== SUPPLIED INFORMATION ==
════

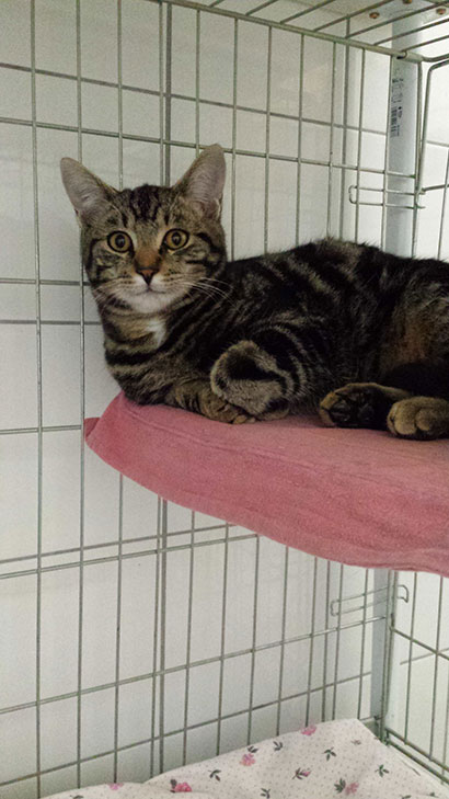 Lino das dunkle Tigerle wartet noch. Er wird nur in Wohnungshaltung zu gleichaltrigen Katzen vermittelt. |
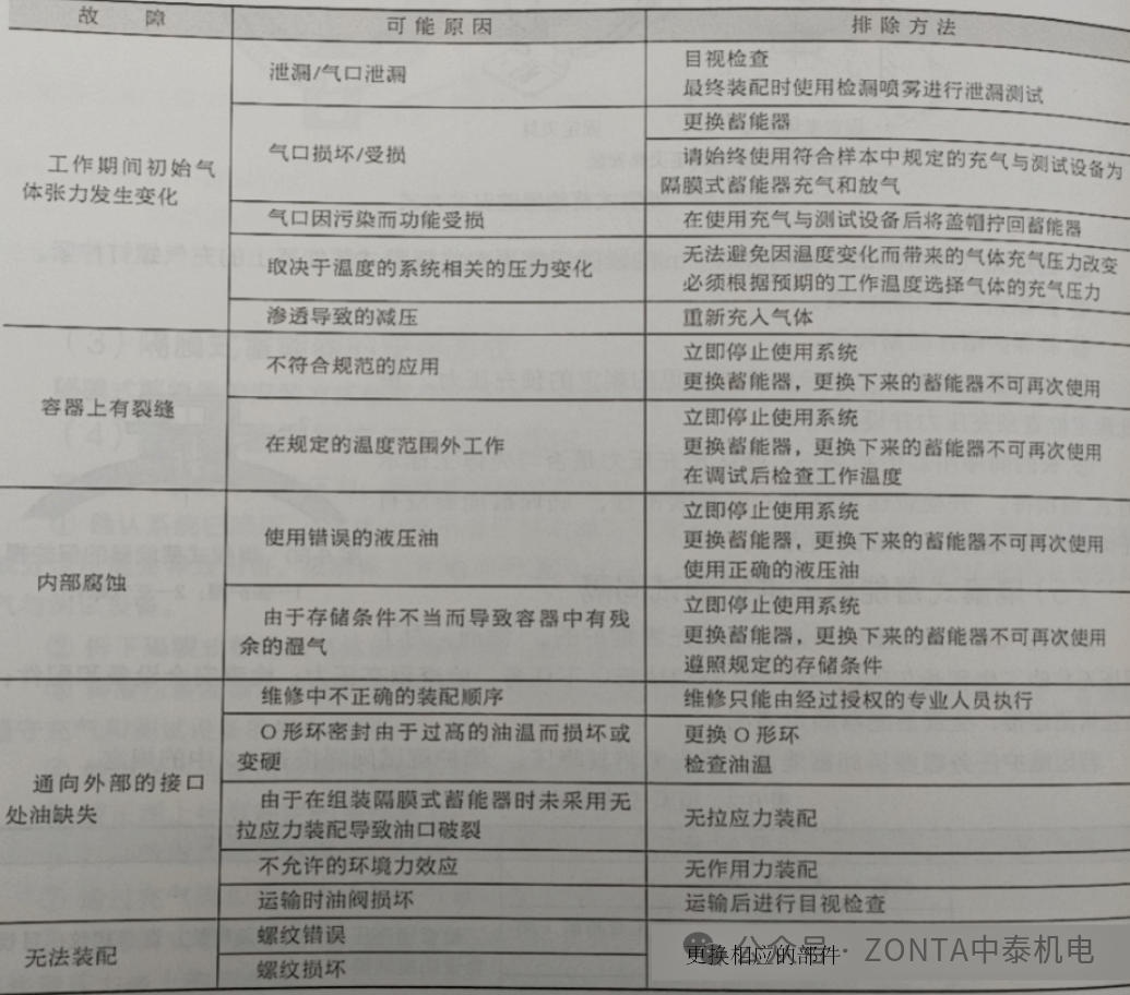 隔膜式蓄能器的常見(jiàn)故障與分析見(jiàn)下表:
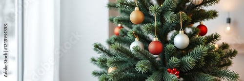 © DITSARAPHAN, Fototapeta premium Scandinavian style interior adorned with a 3D rendered New Year tree and festive Christmas decorations, greenery, Christmas decoration, interior design

════

== WHAT YOU HAVE TO DO ==
The answer is the full listing above, reproduced character for character, minus its images.

== ANSWER BOX ==
 Lino das dunkle Tigerle wartet noch. Er wird nur in Wohnungshaltung zu gleichaltrigen Katzen vermittelt. |
 隔膜式蓄能器的常見(jiàn)故障與分析見(jiàn)下表:
 © DITSARAPHAN, Fototapeta premium Scandinavian style interior adorned with a 3D rendered New Year tree and festive Christmas decorations, greenery, Christmas decoration, interior design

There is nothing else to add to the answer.